Хороший сегодня день. Это вот Маринкино письмо, а потом по радио Григ, «Пер Гюнт». Как-то они меня всю жизнь сопровождают, Ибсен и Григ. Драму я прочел где-то 11–12-ти лет и влюбился в нее, еще ничего не понимая. Потом появилась «Песня Сольвейг» — в исполнении моей мамы. Потом — стихи Блока. Потом — сразу после войны — снова Григ в концертном исполнении: 2–3–4 раза! (Это при том, что я вообще-то на симфонических концертах был раз десять в жизни.) Пера читал и очень запомнился Глумов, потом, кажется, Аксенов, Озе — в последний раз — Коонен. И летом 65-го — снова «Песня Сольвейг»; очень мне тогда было худо, и так хотелось «самим собою быть», и так не верилось, что был самим собою в чьих-то мыслях. Я ведь тоже, как Пер, наткнулся когда-то на Великую Кривую и — «Сторонкой, Пер Гюнт, сторонкой!»
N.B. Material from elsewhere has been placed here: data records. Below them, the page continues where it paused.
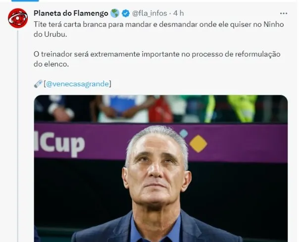 No início da tarde desta terça-feira (3), o GE confirmou que Tite disse sim ao Flamengo e aceita assumir o clube já em outubro. Contrato do treinador com o Rubro-Negro será até o fim de 2024. Técnico terá consigo trio de auxiliares e preparador físico que o acompanharam na seleção brasileira. Sua chegada pode afetar o Grêmio.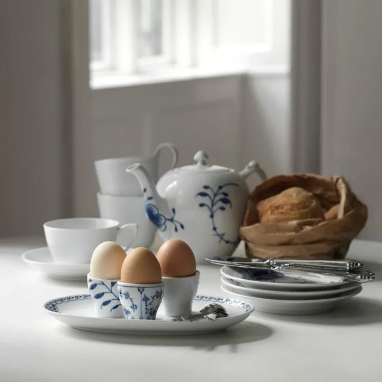 Blå Mega Riflet er både gjenkjennelig og overraskende forfriskende. I denne uvanlige nytolkningen av det klassiske mønsteret Musselmalt Riflet, har utvalgte detaljer blitt forstørret, men er fortsatt malt for hånd, slik at den originale og levende blå effekten er bevart. Mønsteret Blå Mega Riflet ble skapt av den unge designstudenten Karen Kjældgård-Larsen i 2000, og dette signaliserte starten på et nytt eventyr. Det berømte håndmalte mønsteret har blitt et kjent navn igjen som uttrykker både sin historiske autentisitet og kreative, innovative tenkning. Blå Mega Riflet ble opprinnelig designet med 8 forskjellige mønstre. På baksiden av Mega-produktet vil du finne et nummer. Dette refererer til mønsteret på dette bestemte produktet. Porselen.
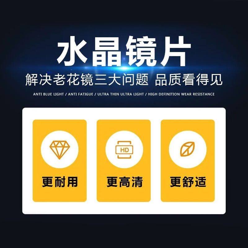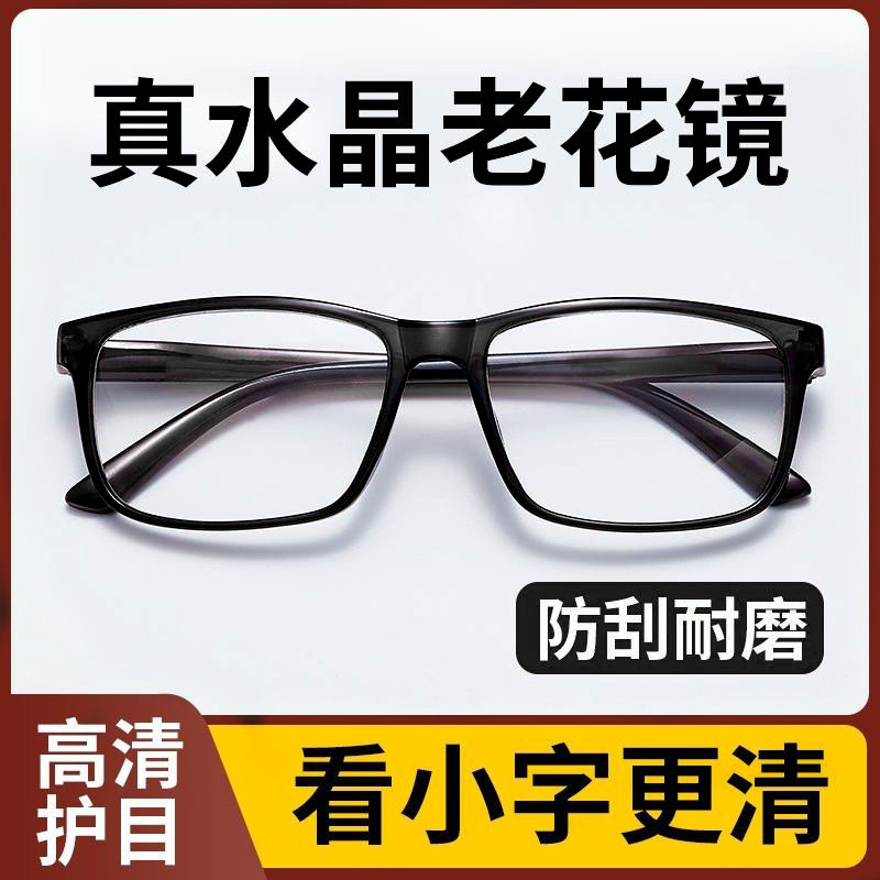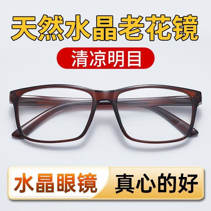 水晶老花眼镜中老年高清高档玻璃石头老花镜天然水晶石镜片防蓝光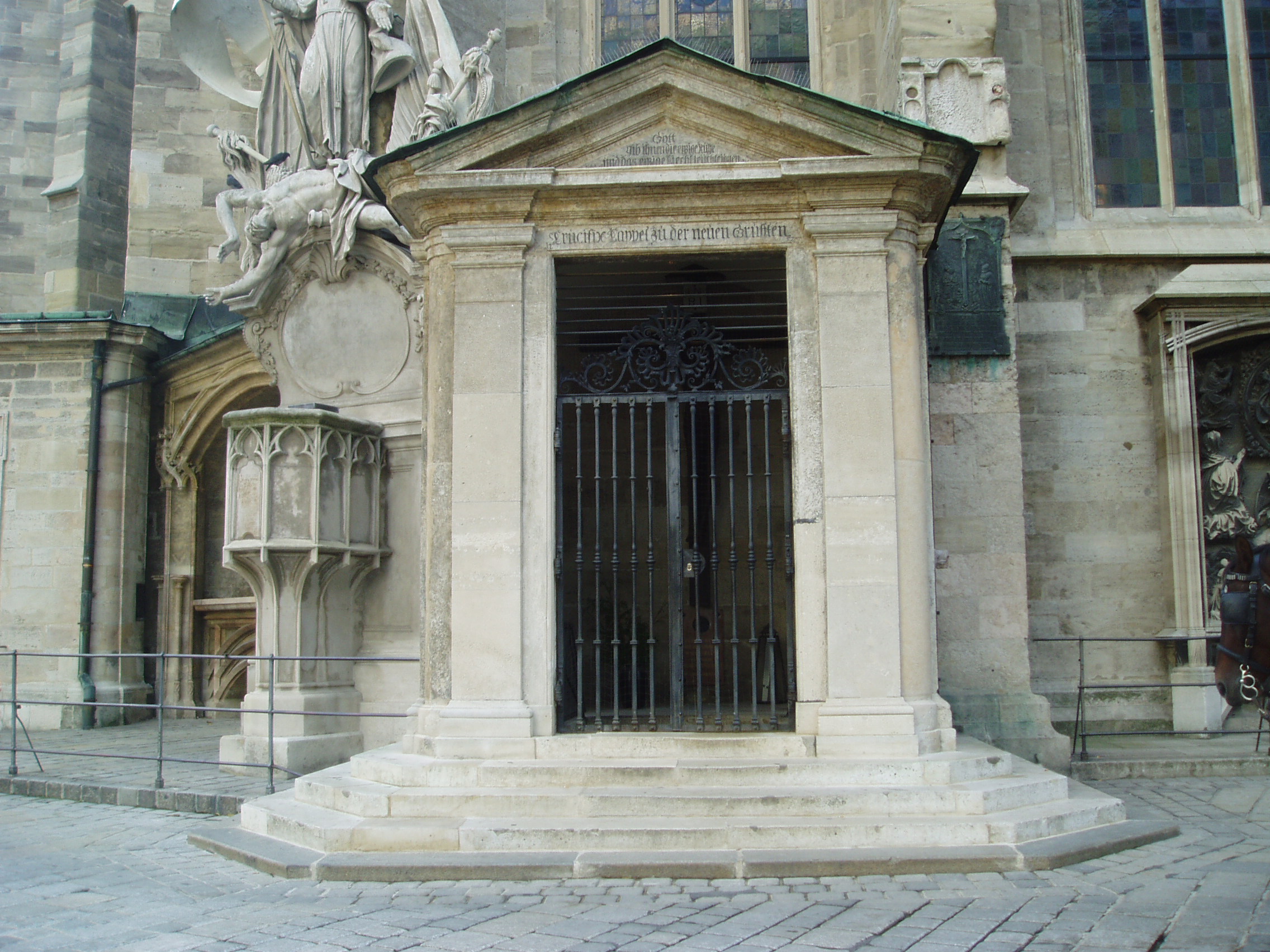 Nyilvános 1099 | 2443 | Ha kívülről megkerüljük a Stephansdom épületét, a hátsó oldalánál, ahol a fiákeresek gyülekeznek, egy kis oldalkápolnát találunk. Itt ravatalozták fel a beszentelés után Mozart holttestét és innét vitték ki a St.Marx-temetőbe, hogy aztán sírhelye örökre feledésbe merüljön. Ha benézünk a kápolna rácsain, Mozart emléktábláját olvashatjuk. | |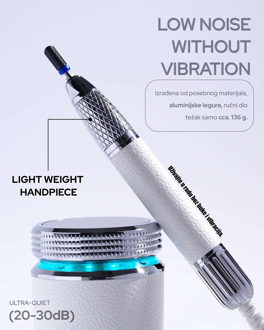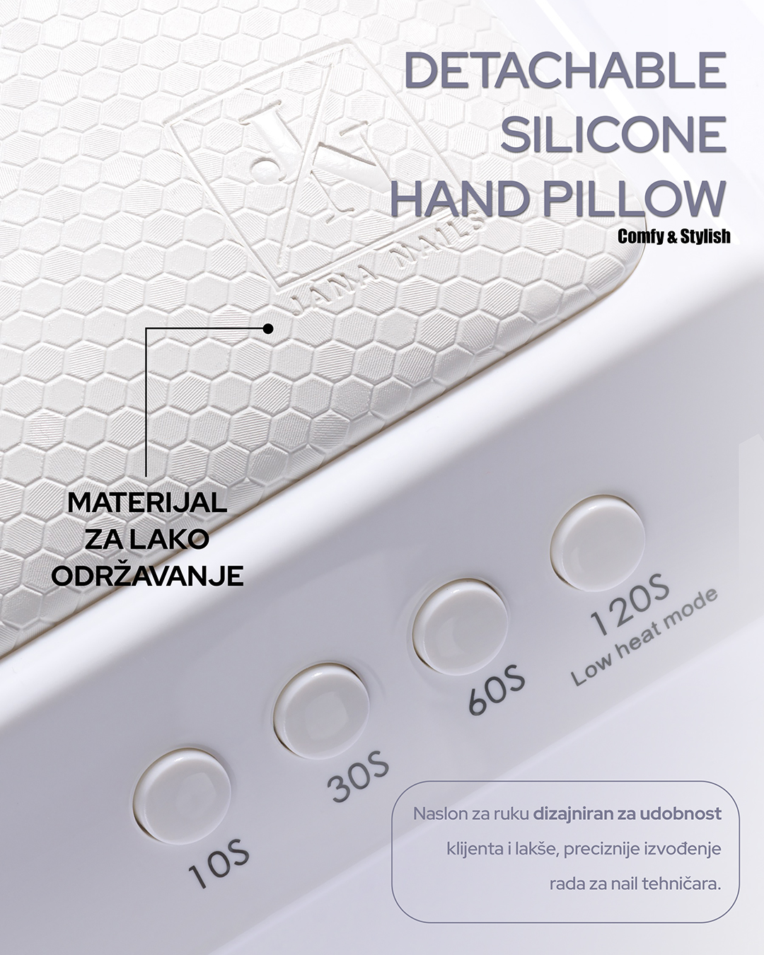 ✔ Odvojiva baza i jastučić – jednostavno čišćenje i mogućnost upotrebe za pedikuru.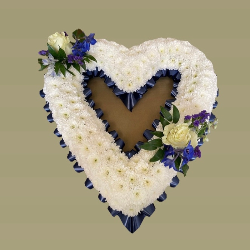 An open heart with white chrysanthemum base, ribbon edge and mount in your choice of colour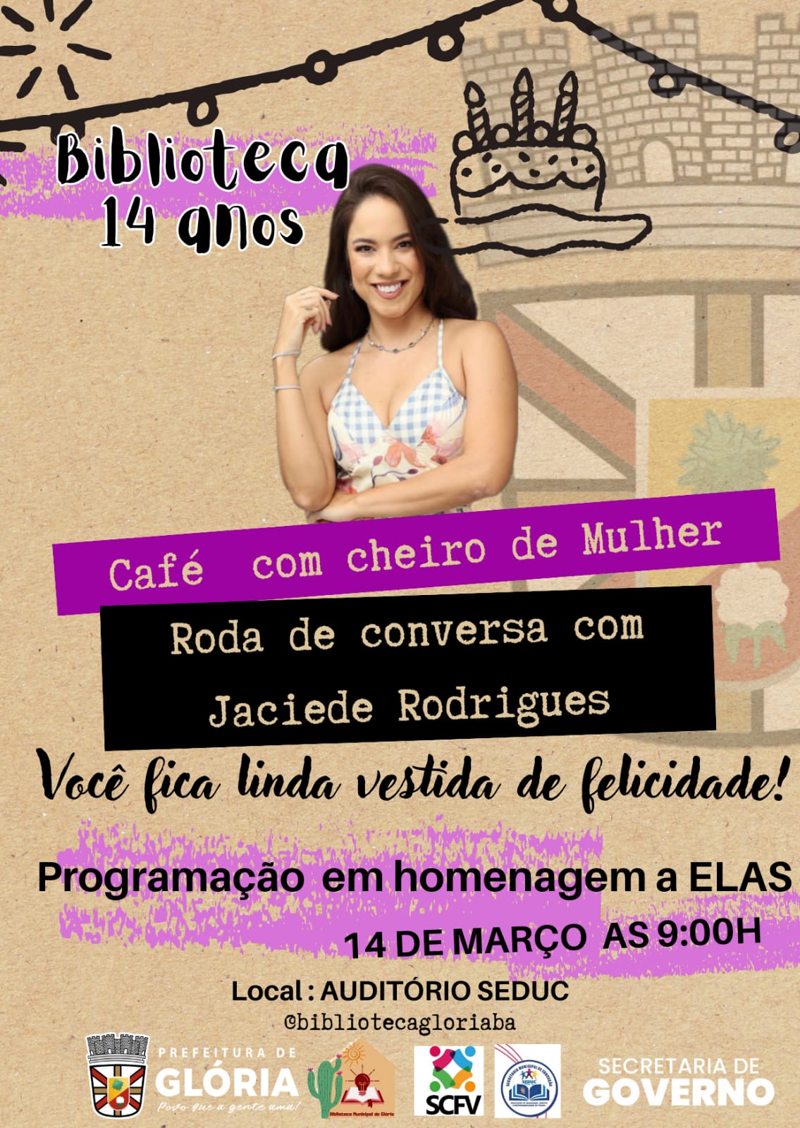 *Dia 12-Oficina de Crochê com a Gloriense, Géssica Silva; *Dia 13-Ações nas Ruas, Mulheres Fantásticas – Organização Grupo SCFV-CRAS; *Dia 14-Café com Cheiro de Mulher. Roda de Conversa com a empresária de Paulo Afonso Bahia, Jaciede Rodrigues. “Você Fica Linda Vestida de Felicidade”. A palestra acontecerá no Auditório da SEDUC.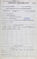 Ships served in: REGINA DIVISION RCNVR - Enlisted 31 May 1940. Commenced Active Service 27 Aug 1940 as an OS, RCNVR HMCS NADEN - Drafted to NADEN 27 Oct 1940 as an OS, RCNVR * Rated A/SD 26 Feb 1941 HMCS SANS PEUR - Drafted to SANS PEUR 08 Mar 1941 as an OS, RCNVR HMCS NADEN - Drafted to NADEN 04 Apr 1941 as an OS, RCNVR HMCS STADACONA - Drafted to STADACONA 18 Apr 1941 as an OS, RCNVR * Re-qualified A/SD 16 May 1941 HMCS RACCOON - Drafted to RACCOON 29 May 1941 as an OS, RCNVR * Rated AB 16 Jun 1941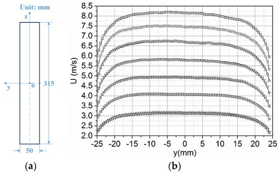 Cross-sectional upstream flow velocity distributions in the test section of a water tunnel: (a) cross-section dimensions of the test segment; (b) velocity distributions at different upstream velocity magnitudes.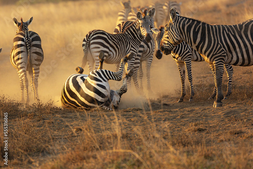 © Grantat, Obraz premium A Zebra (Equus quagga) rolling in dust in the later afternoon sun.

Ничего я в музыке не смыслю и не знаю, то ли они — Ибсен и Григ — так «получились» в моей жизни, то ли действительно замечательная музыка, пробивающая даже мою толстокожесть, но слушать ее спокойно не могу, аж до слез.

Выключили радио, хожу по камере и бормочу: «Сольвейг, о Сольвейг, о солнечный путь...» И вдруг Виталий Габисов, не поднимая головы от шахмат: «Дай мне вздохнуть, освежить свою грудь...». Славно, правда?

10/I/70

И отрадное завершение почтовой недели: письмо от Елены Михайловны [Закс]. Как это обидно, что именно ее письма не доходили до меня. Письма Елены Михайловны — особого свойства: всегда грустные и всегда бодрые, а это, по-моему, много весомей, чем бодрость в чистом виде.

Ну, конечно, прав был Корней Иванович: «Побеждает всегда поэзия». Я с этим очень согласен, и всегда это было со мною — не формула, а ощущение. Но как радостно, когда кто-то умный и добрый находит для таких ощущений слова: «Побеждает всегда поэзия», «Рукописи не горят».

И это, собственно, ответ на полудогадку-полуутверждение Елены Михайловны: «Как будто бы Вы можете себя чувствовать хорошо...» Представьте — могу. И дело именно в том, что побеждает поэзия. Только, Боже упаси, не подумайте, что я считаю себя поэтом или ставлю знак равенства между поэзией и собою: просто я гражданин Поэзии, живу по ее законам, и ее победы мои победы. Я говорю сейчас «высоким штилем», — но почему я должен стесняться высоких слов, когда речь идет не о пустяках, а о жизни? И не только о моей.

Разумеется, то, что я чувствую себя хорошо, зависит и от быта: условия, в которых я нахожусь, несравнимы с тем, что довелось испытать нашим общим знакомым 20–25 лет назад. Им было и холодно, и голодно, и одиноко, а меня миновала чаша сия...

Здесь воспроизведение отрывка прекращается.